***** Collected material

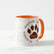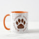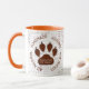 Taza Woof Art and Dog Paw in Brown Custom Name
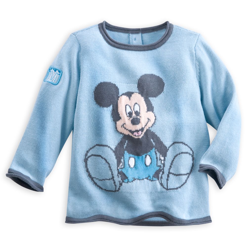 Baby blue Mickey will keep your little one in stitches with this knitted sweater. Mickey is woven into the design of this cute cotton top that has contrasting gray trim so they'll be as stylish as they are cozy. See more Magic in the details... Mickey artwork is woven into the cotton fabricContrasting rolled up gray trimThree button fastening at backThe bare necessities 100% cotton, exclusive of decorationImported |
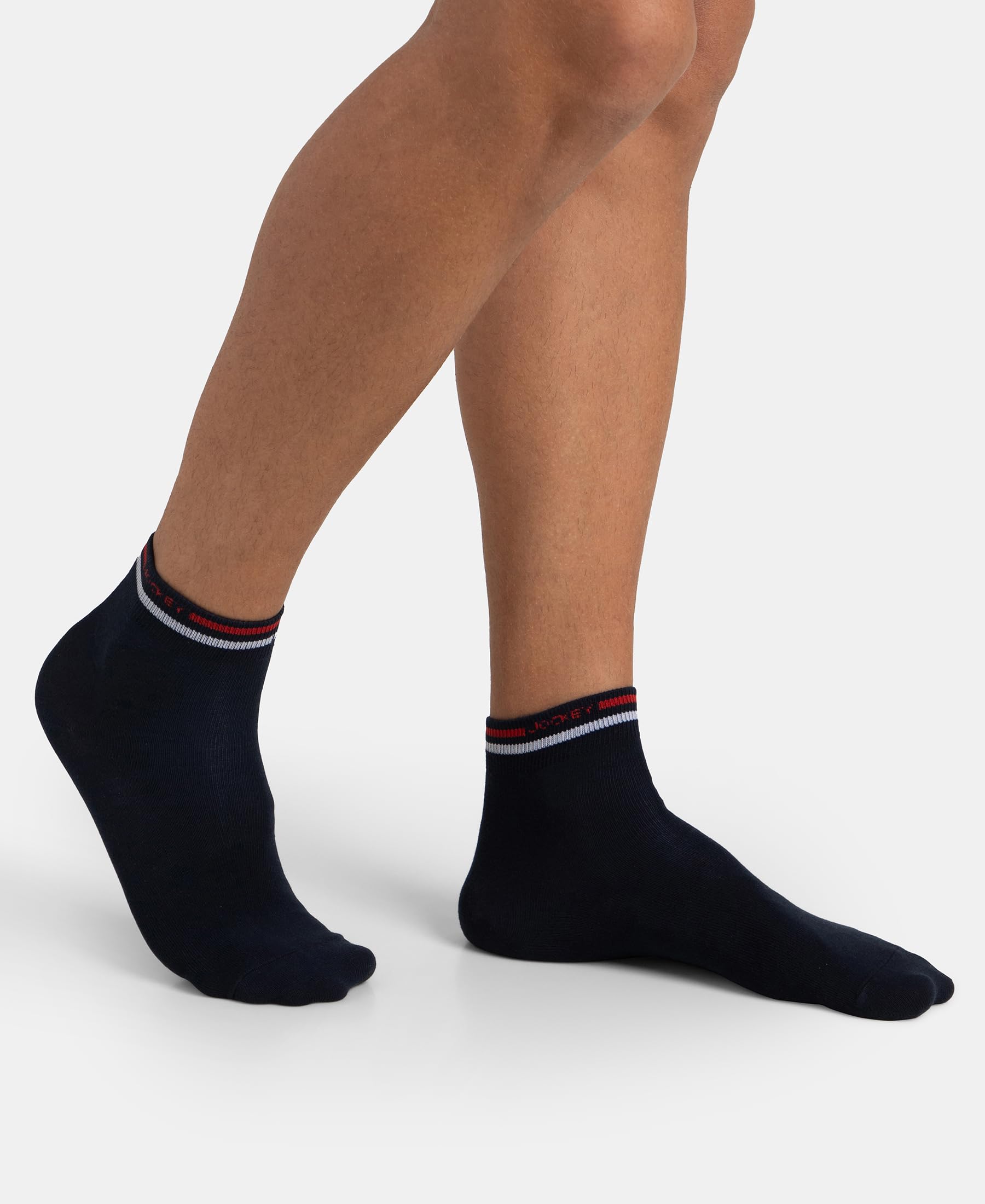 Jockey 7002 Men’s Compact Cotton Stretch Ankle Length Socks with Stay Fresh Treatment (Pack of 2)_Navy_FREE SIZE
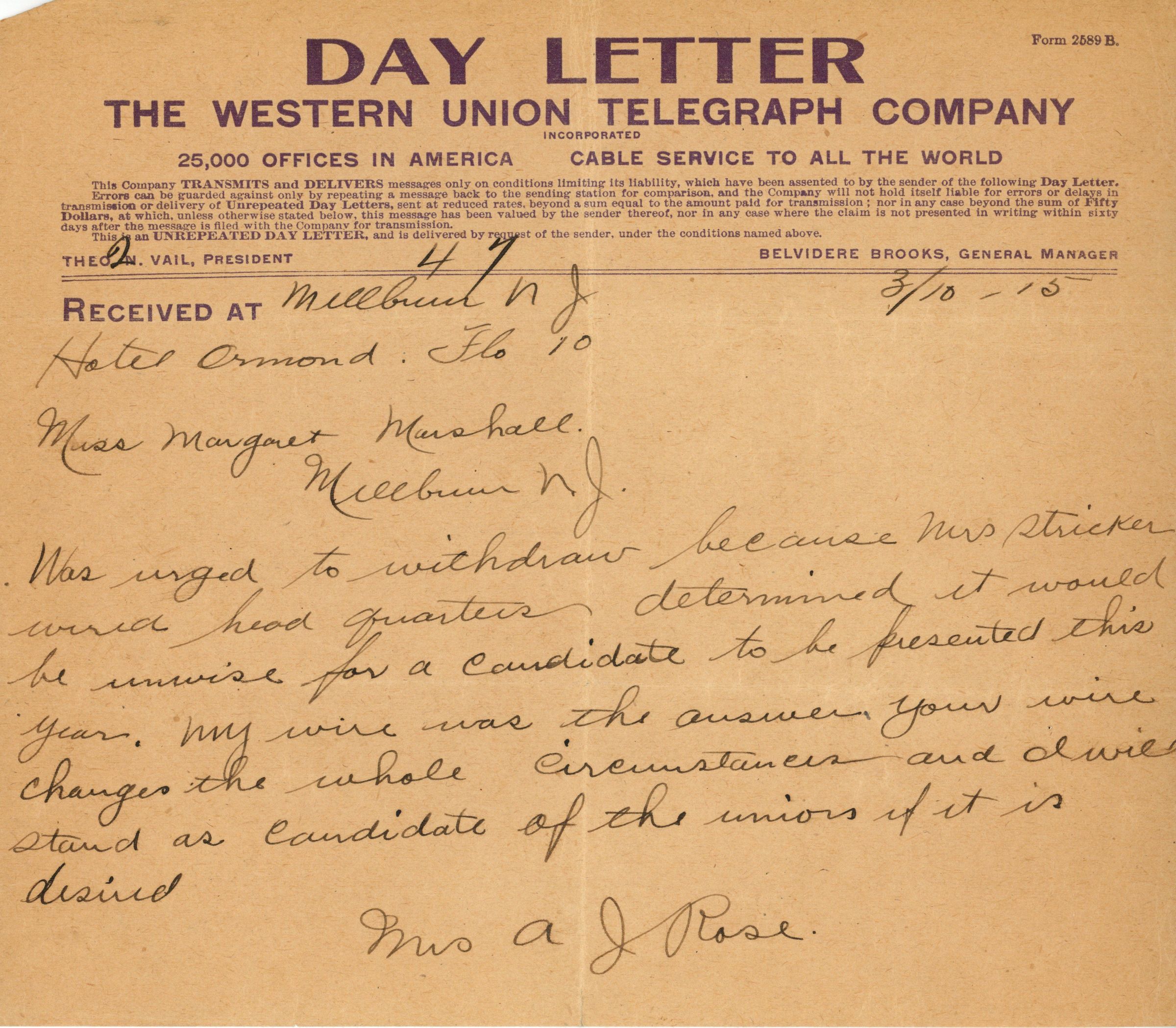 Telegraph messages between Margaret Marshall and Cornelia Bruere Rose on March 10, 1915 regarding Rose's withdrawal as a candidate for the Millburn Board of Education. Rose had been advised by the President of the organization, Marion Strickler to withdraw. The ensuing controversy led Strickler to resign her presidency.

**********

- How to complete this task
Write out the material above once more, word for word. Images stay out.

- The completed task
 Taza Woof Art and Dog Paw in Brown Custom Name
 Baby blue Mickey will keep your little one in stitches with this knitted sweater. Mickey is woven into the design of this cute cotton top that has contrasting gray trim so they'll be as stylish as they are cozy. See more Magic in the details... Mickey artwork is woven into the cotton fabricContrasting rolled up gray trimThree button fastening at backThe bare necessities 100% cotton, exclusive of decorationImported |
 Jockey 7002 Men’s Compact Cotton Stretch Ankle Length Socks with Stay Fresh Treatment (Pack of 2)_Navy_FREE SIZE
 Telegraph messages between Margaret Marshall and Cornelia Bruere Rose on March 10, 1915 regarding Rose's withdrawal as a candidate for the Millburn Board of Education. Rose had been advised by the President of the organization, Marion Strickler to withdraw. The ensuing controversy led Strickler to resign her presidency.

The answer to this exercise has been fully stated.